How could we be sure?
First, the powder deposits and blood stippling on the roof of the dead man’s mouth provided concrete evidence that there had been intraoral contact with the end of the barrel.
Second, the distinctive blood spatter on the victim’s clothing gave us enough solid data to re-create his position accurately. The inside of Opperman’s right sock and pant leg were blood-spattered. So were the outside of his left sock and pant leg. Yet there were blood-free voids on the inside of the left sock and pant leg as well as on the outside of the right ones. This told us that after the .22 discharged, Opperman’s head and torso slumped to the left, beyond his left leg and over the edge of the bed. His body remained upright for a number of seconds—blood dripping from his mouth and nose onto his clothing and the floor nearby—until the force of gravity finally caused him to fall and make the thump that his wife heard. (Strange as it might sound, it’s not uncommon for a seated gunshot victim to remain upright temporarily as Opperman did.)

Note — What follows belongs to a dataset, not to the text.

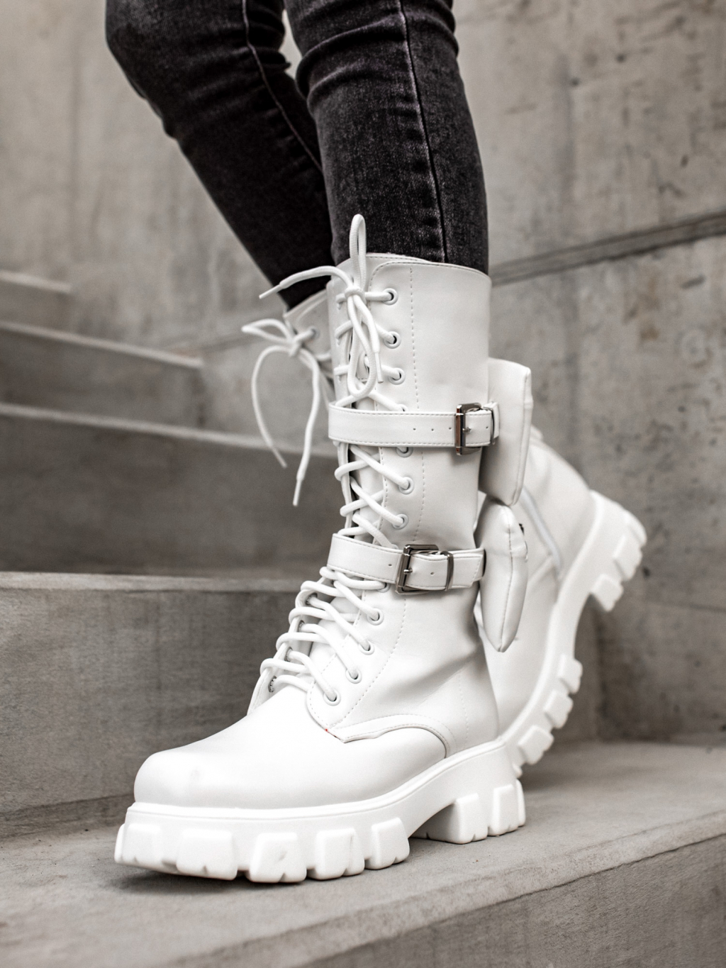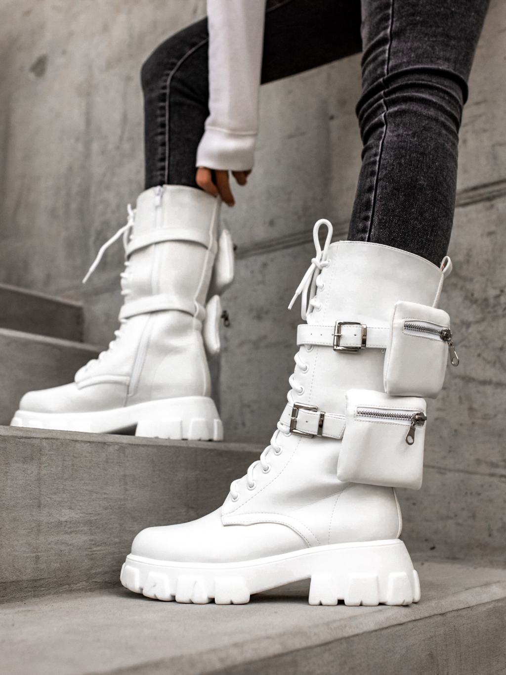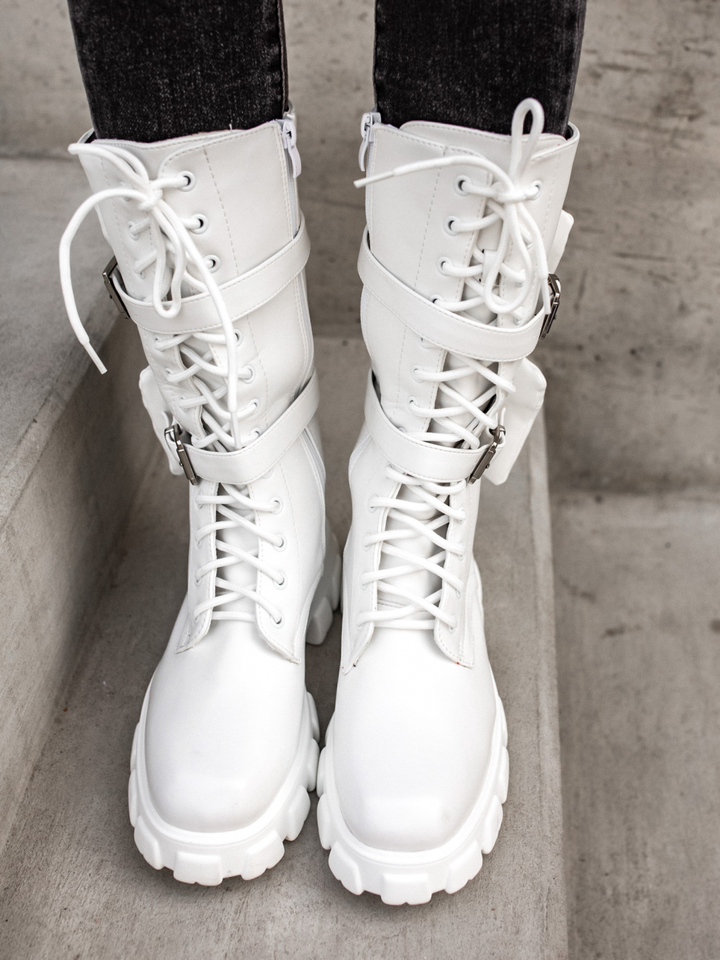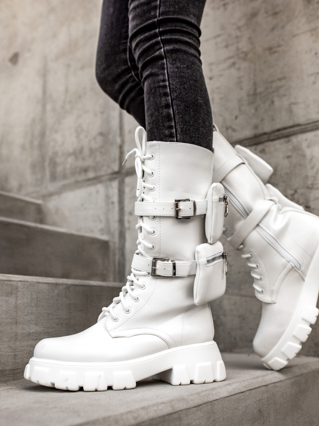 Bílé vysoké boty LIBRAS s kapsičkou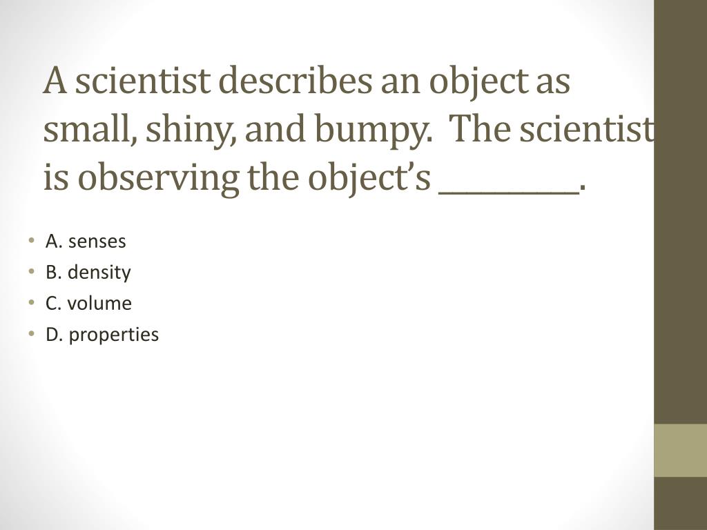 A scientist describes an object as small, shiny, and bumpy. The scientist is observing the object’s __________. • A. senses • B. density • C. volume • D. properties

During the moments that Opperman’s body stayed perched on the bed with his head hanging forward, his blood dripped enough to create a blood-into-blood pattern with satellite spatter on the floor that could easily be mistaken for back spatter pointing away from him. Finally, as he fell he brushed the edge of the swivel nightstand, which spun around so that the spattered side was facing away from him. He fell into his own wet blood and smeared some of it onto his clothing, creating the puzzling transfer stains and explaining how so much blood ended up underneath his body.